Minimal Reproduction

So this is kinda hard to replicate. I have seen the following Python script replicate it after running for a short bit:

import asyncio
import logging
from datetime import timedelta
from uuid import uuid4

from temporalio import activity, workflow
from temporalio.client import Client
from temporalio.worker import Worker

@activity.defn
async def wait_forever_activity() -> None:
    await asyncio.Future()

@workflow.defn
class WaitForeverWorkflow:
    @workflow.run
    async def run(self) -> None:
        await asyncio.Future()

@workflow.defn
class WeirdWorkflow:
    def __init__(self) -> None:
        self._signal_count = 0

    @workflow.run
    async def run(self) -> None:
        # Start several things in background
        tasks = [
            asyncio.create_task(
                workflow.execute_activity(
                    wait_forever_activity, start_to_close_timeout=timedelta(hours=1)
                )
            ),
            asyncio.create_task(
                workflow.execute_child_workflow(WaitForeverWorkflow.run)
            ),
            asyncio.create_task(asyncio.sleep(1000)),
            asyncio.shield(
                workflow.execute_activity(
                    wait_forever_activity, start_to_close_timeout=timedelta(hours=1)
                )
            ),
            asyncio.create_task(workflow.wait_condition(lambda: False)),
        ]
        asyncio.gather(*tasks, return_exceptions=True)
        try:
            # Wait for signal count to reach 2
            await workflow.wait_condition(lambda: self._signal_count > 1)
        finally:
            # Wait for signal count to reach 3
            await workflow.wait_condition(lambda: self._signal_count > 2)

    @workflow.signal
    async def signal(self) -> None:
        self._signal_count += 1

    @workflow.query
    def signal_count(self) -> int:
        return self._signal_count

task_queue = f"tq-{uuid4()}"

async def run_workflow(client: Client) -> None:
    id = f"wf-{uuid4()}"
    print("Running workflow", id)
    handle = await client.start_workflow(
        WeirdWorkflow.run,
        id=id,
        task_queue=task_queue,
    )

    async def wait_for_signal_count(expected: int) -> None:
        # Just try 20 times every 100ms to get the signal count
        for _ in range(20):
            count = await handle.query(WeirdWorkflow.signal_count)
            if count == expected:
                return
            await asyncio.sleep(0.1)

    try:
        # Confirm signal count as 0
        await wait_for_signal_count(0)

        # Send signal and confirm it's at 1
        await handle.signal(WeirdWorkflow.signal)
        await wait_for_signal_count(1)

        await handle.signal(WeirdWorkflow.signal)
        await wait_for_signal_count(2)

        await handle.signal(WeirdWorkflow.signal)
        await wait_for_signal_count(3)

        await handle.result()
    except Exception as err:
        raise RuntimeError(f"Failed on workflow {id}") from err

async def main():
    # Uncomment the line below to see logging
    logging.basicConfig(level=logging.INFO)
    logging.info(f"Starting on task queue {task_queue}")

    # Start client
    client = await Client.connect("localhost:7233")
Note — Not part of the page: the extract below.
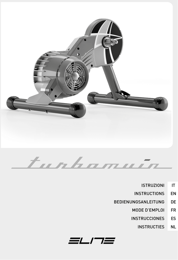 ISTRUZIONI IT INSTRUCTIONS EN BEDIENUNGSANLEITUNG DE MODE D’EMPLOI FR INSTRUCCIONES ES INSTRUCTIES NL A B C D H F G L I E A E D 1 2 C H G H B G 3 4 I 5 6 L I 7 8 9 10 11 12 F 13 14 0 mm 0 inch 15 16 6 mm 0,23 inch 3 mm 0,11 inch 17 18 NO 19 max 3 mm max 0,11 inch max 6 mm max 0,23 inch 20 D E 22 23 I I H H I H G 24 G 25 26 27 CLICK 28 29 x1 30 31 x1 32 33 IT - ITALIANO INTRODUZIONE AVVERTENZE GENERALI DI SICUREZZA DISCLAIMER NOME E LISTA DEI COMPONENTI ATTENZIONE ASSEMBLAGGIO TURBO MUIN INSTALLAZIONE CASSETTA PIGNONI SUL TURBO MUIN ASSEMBLAGGIO DELLA BICI SUL TURBO MUIN RIMOZIONE DELLA BICICLETTA 9 9 9 10 10 10 10 11 11 CONSIGLI DI UTILIZZO ISTRUZIONI INSTALLAZIONE CORPETTO RUOTA LIBERA COMPATIBILE CON CASSETTE PIGNONI CAMPAGNOLO® 9/10/11 VELOCITÀ MANUTENZIONE ATTENZIONI INFORMAZIONI SULLO SMALTIMENTO DEL PRODOTTO GARANZIA 11 12 12 12 13 39 EN - ENGLISH INTRODUCTION GENERAL SAFETY WARNINGS DISCLAIMER NAME AND LIST OF COMPONENTS CAUTION ASSEMBLING YOUR TURBO MUIN INSTALLING THE CASSETTE ON TURBO MUIN INSTALLING THE BICYCLE ON TURBO MUIN 14 14 14 15 15 15 15 16 REMOVING THE BICYCLE RECOMMENDATIONS FOR USE INSTALLATION OF CAMPAGNOLO® 9/10/11 SPEED COMPATIBLE CASSETTE FREEHUB BODY MAINTENANCE WARNINGS INFORMATION ON PRODUCT DISPOSAL GARANZIA 16 16 16 17 17 18 39 DE - DEUTSCH EINLEITUNG ALLGEMEINE SICHERHEITSHINWEISE HAFTUNGSAUSCHLUSS NAME UND LISTE DER KOMPONENTEN ACHTUNG! MONTAGE TURBO MUIN MONTAGE DER KASSETTE AUF DEM TURBO MUIN MONTAGE DES FAHRRADS AUF DEM TURBO MUIN 19 19 19 20 20 20 21 21 DEMONTAGE DES FAHRRADS EMPFEHLUNGEN ZUR BENUTZUNG MONTAGEANWEISUNG DES LOSRADKÖRPER MIT 9-/10-/11-FACH KASSETTE VON CAMPAGNOLO® WARTUNG ACHTUNG HINWEISE ZUR ENTSORGUNG DES PRODUKTS GARANZIA 21 22 22 22 23 23 39 FR - FRANÇAIS INTRODUCTION AVERTISSEMENTS GENERAUX EN MATIERE DE SECURITE CLAUSE DE NON-GARANTIE NOM ET LISTE DES PIECES ATTENTION ASSEMBLAGE DU TURBO MUIN INSTALLATION DE LA CASSETTE SUR LE TURBO MUIN ASSEMBLAGE DE LA BICYCLETTE AU TURBO MUIN COMMENT RETIRER LA BICYCLETTE 24 24 24 25 25 25 26 26 26 CONSEILS D’UTILISATION INSTRUCTIONS D’INSTALLATION DU CORPS DE ROUE LIBRE COMPATIBLE AVEC DES CASSETTES CAMPAGNOLO® 9/10/11 VITESSES ENTRETIEN AVERTISSEMENTS INFORMATIONS SUR LA DESTRUCTION DU PRODUIT GARANZIA 26 27 27 27 28 39 ES - ESPAÑOL INTRODUCCIÓN ADVERTENCIAS GENERALES DE SEGURIDAD EXENCIÓN DE RESPONSABILIDAD NOMBRE Y RELACION DE COMPONENTES ATENCIÓN ENSAMBLAJE DE TURBO MUIN INSTALACIÓN DEL CASSETTE DE PIÑONES EN EL TURBO MUIN MONTAJE DE LA BICICLETA EN EL TURBO MUIN RETIRAR LA BICICLETA 29 29 29 30 30 30 30 31 31 CONSEJOS DE UTILIZACIÓN 31 INSTRUCCIONES DE INSTALACIÓN RUEDA LIBRE COMPATIBLE CON CASSETTE DE PIÑONES 32 CAMPAGNOLO® 9/10/11 VELOCIDADES MANTENIMIENTO 32 ATENCIÓN 32 INFORMACIONES ACERCA DE LA ELIMINACIÓN DEL PRODUCTO 33 GARANZIA 40 NL - DUTCH INLEIDING ALGEMENE VEILIGHEIDSMEDEDELINGEN DISCLAIMER BENAMING EN LIJST VAN DE ONDERDELEN OPGELET! TURBO MUIN ASSEMBLEREN CASSETTE OP TURBO MUIN INSTALLEREN DE FIETS OP TURBO MUIN ASSEMBLEREN DE FIETS DEMONTEREN 34 34 34 35 35 35 35 36 36 GEBRUIKSTIPS INSTALLATIEAANWIJZINGEN BEHUIZING BODY COMPATIBEL MET CASSETTEEN CAMPAGNOLO® SNELHEID 9/10/11 ONDERHOUD OPGELET INFORMATIE OVER DE VERWIJDERING VAN HET PRODUCT GARANZIA 36 37 37 37 38 40 IT ITALIANO Molte grazie per avere acquistato il rullo Turbo Muin Elite INTRODUZIONE Questo rullo permette di allenarsi con efficacia e semplicità aiutando il miglioramento delle prestazioni di utilizzatori di qualsiasi livello. Turbo Muin è caratterizzato dalla trasmissione diretta della potenza erogata dall’atleta in quanto il sistema è collegato direttamente alla catena della bicicletta. Tramite un sistema a pulegge con cinghia di trasmissione di ultimissima generazione progettato da Elite, lo sforzo applicato ai pedali si trasferisce sempre e in modo omogeneo all’unità di resistenza garantendo così l’ottimizzazione dell’allenamento indoor. La resistenza alla pedalata viene generata da una integrata unità frenante a tecnologia fluida che garantisce la massima silenziosità durante l’allenamento. Tale resistenza fluida, simile ma potenziata rispetto a quella che offre l’aria all’avanzare della bicicletta nell’utilizzo su strada, aumenta automaticamente con la velocità e si possono usare i rapporti lunghi del cambio per i lavori di potenza e i rapporti corti per i lavori di agilità. Il campo di resistenze realizzabile è molto ampio, utile sia al neofita del ciclismo che all’atleta professionista. Turbo Muin è stato progettato, sviluppato e realizzato sulla base di anni di studi e sperimentazioni su atleti professionisti, amatori, praticanti o neofiti del ciclismo (strada, mountain bike, pista) per permettere di effettuare allenamenti indoor di alto livello in base alle esigenze specifiche individuali o test di valutazione delle performance. 2. Scegliete una modalità di allenamento che sia compatibile con le Vostre condizioni di salute e capacità di resistenza fisica. 3. In ogni caso utilizzate il rullo di allenamento adeguando il programma di allenamento scelto alle Vostre condizioni di salute e capacità di resistenza fisica. 4. Se durante l’allenamento avvertite sensazioni di particolare affaticamento o di dolore, interrompete immediatamente l’utilizzo del rullo e consultate il Vostro medico. Le avvertenze sopra elencate hanno carattere generale e non esaustivo di tutte le cautele che devono essere adottate per un utilizzo corretto e sicuro del rullo di allenamento, di cui l’utente è responsabile in via esclusiva. DISCLAIMER Elite S.r.l. non è responsabile di eventuali danni temporanei o permanenti all’integrità fisica dell’utente che siano conseguenza diretta o indiretta dell’utilizzo del rullo di allenamento. AVVERTENZE GENERALI DI SICUREZZA Prima di iniziare ad utilizzare il rullo di allenamento, leggete attentamente le avvertenze di seguito elencate per la vostra salute e sicurezza. 1. Prima di iniziare l’allenamento sottoponetevi ad 
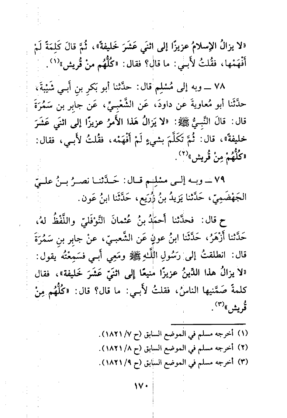 78- وبه إلى مسلم قال: حدثنا أبو بكر بن أبي شيبة، حدثنا أبو معاوية عن داود، عن الشعبي، عن جابر بن سمرة قال: قال النبي صلى الله عليه وسلم : ((لا يزال هذا الأمر عزيزاً إلى اثني عشر خليفةً))، قال: ثم تكلم بشيءٍ لم أفهمه، فقلت لأبي، فقال: ((كلهم من قريش)).

    # Run a worker for the workflow
    async with Worker(
        client,
        task_queue=task_queue,
        workflows=[WeirdWorkflow, WaitForeverWorkflow],
        activities=[wait_forever_activity],
        # Disable cache
        max_cached_workflows=0,
    ):
        # We're gonna run N at a time forever until we get a query timeout
        while True:
            await asyncio.gather(*[run_workflow(client) for _ in range(10)])

if __name__ == "__main__":
    asyncio.run(main())

I've found it is much more likely on a CPU-overloaded machine because the legacy query has to not get a chance to make it to the worker before the next task comes in. This is happening quite a bit in Python CI ever since we introduced our test_cache_eviction_tear_down test (like once ever few runs).